Supe de él en primero de preparatoria. Es decir, cuando entré a cursar por segunda vez el primero de prepa, tras un año invertido estudiando geometría aplicada en un par de billares cercanos al colegio. Era, como mis amigotes del billar, y al igual que gran parte de los músicos que yo escuchaba apasionadamente, una influenciamuy poco edificante.
Según recuerdo con gran nitidez, pasé por su novela De perfil con la cabeza totalmente inundada por el Ziggy Stardust de David Bowie, y buena parte de ella la leí a hurtadillas en el salón de clases, más o menos a espaldas de mis compinches. Pues comparados con el narrador, incluso los alumnos más desmadrosos lucían a mis ojos de ñoño en retirada como meros escuincles pendejitos. Condición que a esa edad lucha uno por quitarse a cualquier precio y preferentemente carcajeándose.

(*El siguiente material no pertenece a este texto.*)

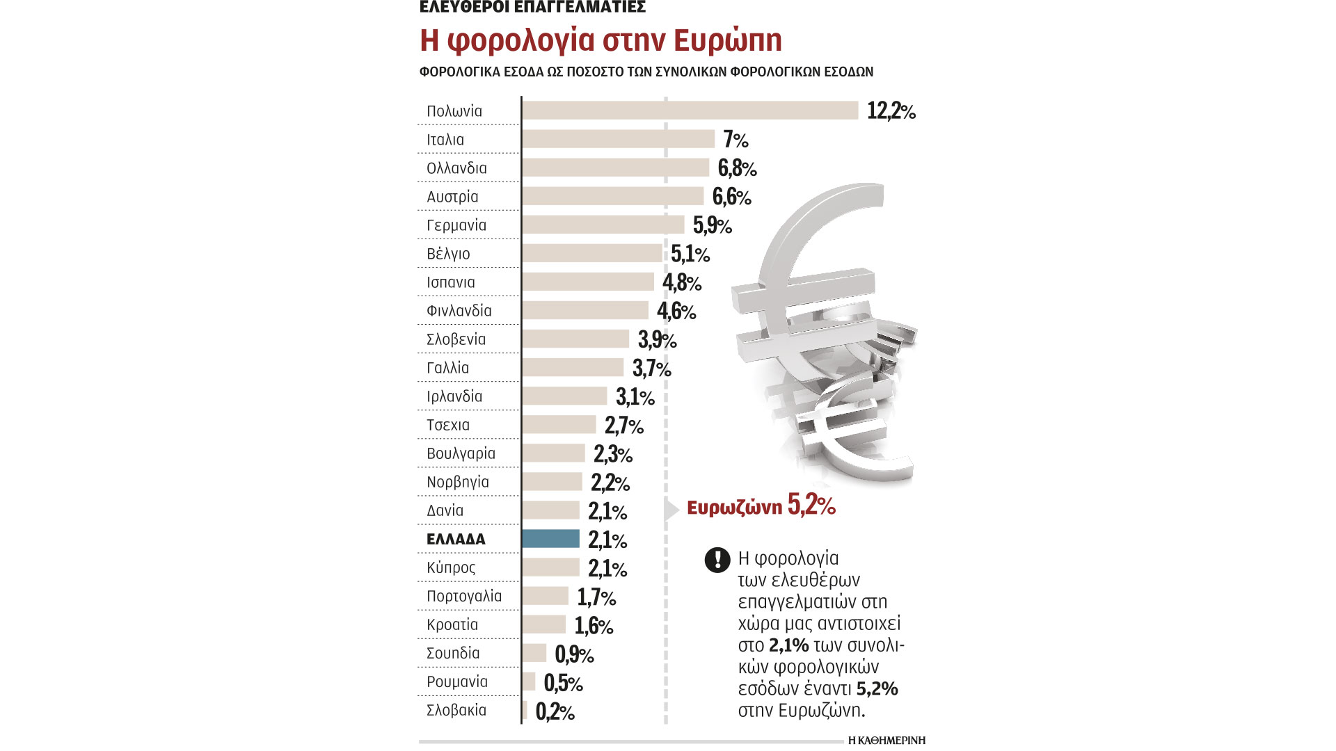 Αντιθέτως, τα φορολογικά έσοδα από τους ελεύθερους επαγγελματίες, για παράδειγμα, στην Πολωνία αντιστοιχούν στο 12,2% των συνολικών φορολογικών εσόδων.

Una mañana, el profesor de Actividades Estéticas me atrapó con el libro entre las manos, esbozó una sonrisa socarrona y preguntó si yo también me había enamorado de Queta Johnson. Una duda muy zonza, la verdad, porque no era posible leer esa novela sin saltar a las redes de una musa en tal modo paladeable, desde los calcetines de un protagonista que era torpe y caliente (como yo comprendía, habría dicho el autor).
Nunca supe explicar a mis iguales de qué trataba el libro que ocultaba debajo del pupitre, acaso porque me daba vergüenza reconocer que el tema era yo mismo. Hasta hoy me es imposible referirme a sus páginas sin citar el efecto fulminante que aquel obús gozoso tuvo en mi cerebrito. Como era natural, no volví a ser el mismo. O tal vez sí lo fui, sólo que en esteroides.
¿O sea que la vida de un mocoso caguengue podía ser materia literaria? Llevaba unos siete años garrapateando historias en horario escolar y me temía tan verde como realmente estaba, pero ver mi retrato en una narración, y entre tanto reírme hasta las lágrimas, era dar a mi juego de escribir –hasta entonces secreto, intrincado, infantil– ciudadanía plena y un flamante sentido del propósito. ¿Por qué no iba a creerme, finalmente, lo que llevaba media vida haciendo?
No acababa de irse Queta Johnson cuando llegó “el gurito” Virgilio y me llevó a pasear a un Acapulco que hasta entonces jamás imaginé. Licenciosos a extremos sicalípticos, irreverentes a nivel carcelario y atiborrados de sustancias ilícitas, los personajes de Se está haciendo tarde (final en laguna) me llevaron de viaje por el mero underground acapulqueño, con el claro propósito de arrebatarme el quinto a golpe de palabras en toloache. No hablaba esa novela del ñoño que yo era, sino del destrampado que anhelaba ser.
Una vez desquintado y desafiado, tomé una decisión de origen literario: atravesar la Sierra Mazateca y degustar los hongos alucinógenos. De la mota no conocía ni el tufo –la verdad, me aterraba la idea de probarla– pero encontraba francamente difícil aficionarme a una sustancia exótica cuya compra exigía desplazarme hasta Huautla de Jiménez, recorriendo un calvario de terracería que en el ir y venir le sumaba diez horas al trayecto. Ya que tanto deseaba ser escritor, iba a pasar la prueba como intrepid tripper: aquel grado honorífico que sólo merecían los personajes más osados del autor que me había lanzado a la estratósfera.
Escribir es siempre un atrevimiento. Desafiar al silencio de la página en blanco, aun al tanto de tus limitaciones, supone dar un salto hacia el vacío llevando por rehén a tu autoestima. No se escribe con miedo sin delatarse, ni puede uno evitar la admiración por quien lo hace como una fechoría y acaba por salirse con la suya. De todas las influencias poco edificantes que alguna vez torcieron mi concepción del mundo, ninguna como José Agustín y David Bowie lo logró tan temprano y con tal tino que no puedo hablar de ellos sin hablar de mí. Aún no sé cómo hicieron para robarme el quinto.